A synthetic method of 1,4-dioxane-2,5-diol is characterized in that concrete preparation comprises the following steps of: (1) feeding; (2) reacting; (3) post-processing; (4) preparation of the product. The invention has following advantages: 1, raw materials adopted in the invention are easily available and are cheap in price; the raw materials are all commercial raw materials or raw materials which are easy to prepare, and can satisfy the requirement of large scale production; 2, by the adoption of a simple hydrolysis reaction and simultaneously a batch charging method, the solvent amount is less, the energy and post-processing time are saved, the operation is simple, the synthetic method is suitable for large scale industrial production; 3, the condition of chemical reactions adopted in the invention is mild; there is no high temperature or low temperature reaction during the whole reaction process; during the production process, the technology is reasonable, the production is safe and reliable, and the cost is low; there is no environmental pollution; the synthetic method is suitable for large scale industrial production.
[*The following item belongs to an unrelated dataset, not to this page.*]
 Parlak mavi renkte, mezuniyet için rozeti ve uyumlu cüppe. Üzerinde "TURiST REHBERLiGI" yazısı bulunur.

The invention provides a method for regenerating waste oil by extracting a novel combination solvent, which comprises the following steps: 1)taking waste oil and placing in a container, performing settlement in a thermotank, drying, taking a supernatant oil; 2)adding an organic solvent in the supernatant oil after filtering in the step 1), wherein the organic solvent is composed of a solvent a and a solvent b, a is one, two or three of benzene, toluene and xylene; b is one or two of tetrahydrofuran and 1,4-dioxane; and 3)extracting and refining to obtain an oil-containing mixture, sending to the thermotank for settlement, and taking the supernatant oil for distillation to obtain the reclaimed oil. In the invention, while extracting and refining, the solvent has good extracting effect to the waste oil. The experiment result displays that the regeneration method of the waste oil has the advantages of high yield and good reclaimed oil quality. In addition, the regeneration method comprises the characteristics of simple operation, mild technology condition, cycle use of the solvent, low cost and high economic benefit.
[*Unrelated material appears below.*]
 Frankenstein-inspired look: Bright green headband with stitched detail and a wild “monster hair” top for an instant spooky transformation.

The invention discloses a preparation method of a high-sterically-hindered arylborate compound. The preparation method includes following steps: in the presence of a catalyst of a catalyst tri(dibenzalacetone)dipalladium with a phosphine ligand (wherein the phosphine ligand is 3-diphenylphosphine-2-(2,6-dimethoxylphenyl)-N-methylindole), adding an aryl chloride, bis(neopentyl glycolato)diboron, and an additive ceseium acetate to a 1,4-dioxane solution; and carrying out a reaction at 100-130 DEG C for 12-48 hours to obtain the arylborate compound. In the invention, the employed substrate is stable, is low in cost and is easy to obtain and the catalyst is unique, is easy to prepare and is suitable for the reaction of the high-sterically-hindered aryl chloride. The system is compatible of existences of functional groups, such as an ester group, an aldehyde group, methoxyl and the like so that range of the substrate is greatly developed. The catalyst system is stable, is high in catalytic activity, is wide in suitable scope, is good in selectivity and is mild in reaction conditions. The high-sterically-hindered arylborate compound can be widely applied in cross coupling reaction catalyzed by transition metal, thereby preparing various compounds, such as biaromatic hydrocarbons. The preparation method has a great application potential in synthesis of natural medicines and drug intermediates.